Letzte Woche Sommerferien! So viel wurde im Vorfeld zu diesen Ferien geschrieben. Einige Hoffnungen waberten auf Hitzewolken dahin und viele Erwartungen standen auf heissem Boden.

Sicher sind diese Sommerferien –  in den südlicheren Ländern Ferragosta genannt, weil im August stattfindend –  alljährlich mit viel Familienstress und Packmarathons verbunden, aber schlussendlich auch mit Ausgelassenheit, Sommerstimmung, Badefreuden, Meeresdüften, reiner Alpenluft, kulinarischen Leckerbissen unserer südlichen Nachbarn und ausgelassenem Beisammensitzen bis tief in warme Nächte. Die Liste der vielen schönen Möglichkeiten liesse sich endlos fortsetzen.

Genau diese Liste macht es mir jedes Jahr schwer, den Sommer in Leichtigkeit und Unbeschwertheit zu geniessen und es sind doch genau diese Eigenschaften, die wir dieser Jahreszeit so gerne zuschreiben. Meine Liste ist voll, prallvoll mit so vielem, das ich im Sommer tun möchte und meine Sommerträume lassen schon den Mai erstrahlen und die Hoffnung erblühen auf wunderbare Sommermonate.

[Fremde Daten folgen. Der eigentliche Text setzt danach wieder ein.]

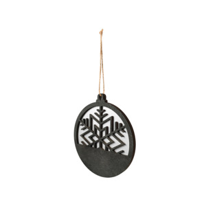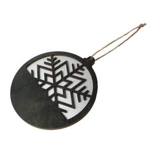 Стильная и минималистичная подвеска в форме снежинки выполнена из натуральной березовой фанеры. Сочетание черного и серебристого оттенков создаёт ощущение зимнего холода и утончённой простоты. Идеально подходит для украшения интерьера, ёлки или упаковки подарка. Такой сувенир подчеркнёт внимание к деталям и станет оригинальным акцентом в корпоративном или праздничном наборе.
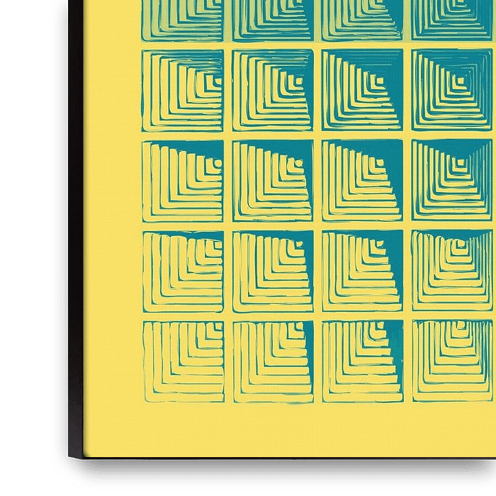 An abstract illustration with geometric shapes as a woodcut with lovely details in trendy colors. A work of art, modern and trendy with a touch of retro style.

Grosse Erwartungen und schöne Träume! Kaum ein Sommer kann sie wirklich erfüllen. Es ist wie sonst auch im Leben. Es kommt oft anders als man denkt. Plötzlich dauerregnet es einen Sommermonat lang oder zumindest immer dann, wenn man die ultimative Gartenparty geplant hat oder  – und das ist noch viel abstruser und auch seltener – es ist zu heiss, wie jetzt.

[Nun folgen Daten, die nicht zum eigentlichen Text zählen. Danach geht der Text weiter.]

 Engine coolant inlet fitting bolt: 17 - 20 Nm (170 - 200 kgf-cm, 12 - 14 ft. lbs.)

Wir haben uns also jahrelang einen abgejammert, dass die Sommer keine richtigen Sommer mehr sind und jetzt erleben wir eine Hitzewelle, die sich gewaschen hat und können auch damit nicht wirklich umgehen. Es ist uns einfach zu heiss und wir dürfen’s nicht mal offen sagen, weil wir den Sommermythos nicht anzutasten wagen.

Ich habe Nesselfieber gekriegt vor lauter schwitzen und in unserem Haus hat es plötzlich Mäuse, die Fliegenplage ist langsam, aber sicher unerträglich und auch die Wespen nerven bei jeder Mahlzeit, die wir im Freien einnehmen. Des Nachts liege ich wach und wälze mich in meinem Schweiss und schicke heimlich Stossgebete ‚gen Himmel, dass es doch endlich bald einmal so richtig regne – und zwar länger.

Und wenn ein neuer strahlender Tag sich mit traumhaft schöner Morgenröte ankündigt, kriege ich den Planungsstress, weil ich nicht weiss wie ich diesen schönen Sommertag auch optimal nutzen kann, ohne meine Arbeit zu vernachlässigen oder meine Tochter, die bei mir in den Ferien ist. Wie soll ich dem Sommer, meinen Erwartungen und meinen sonstigen Verpflichtungen gerecht werden?

Im Stillen bin ich dann manchmal froh, wenn diese vermaledeiten Sommerferien endlich vorbei sind und es kühler wird im Land. Der normale Tagesablauf ist wieder möglich und ich muss mich nicht immer fragen, ob ich den Tag auch gebührend genossen habe. Ich kann arbeiten ohne immer diesen Impuls zu verspüren, baden gehen zu müssen oder zu wollen – das kann ich übrigens kaum noch auseinander halten.

Dem Herbst muss ich keine Referenz erweisen und ich fühle mich nicht verpflichtet ihm gerecht zu werden. Der Herbst ist einfach schön und ich kann ihn geniessen. Ich freue mich darauf.

So, nun fällt es mir leichter den Sommer loszulassen. Mit leiser Melancholie lasse ich ihn ziehen und trauere damit all den verpassten Möglichkeiten dieser grossen Jahreszeit nach. Tant pis!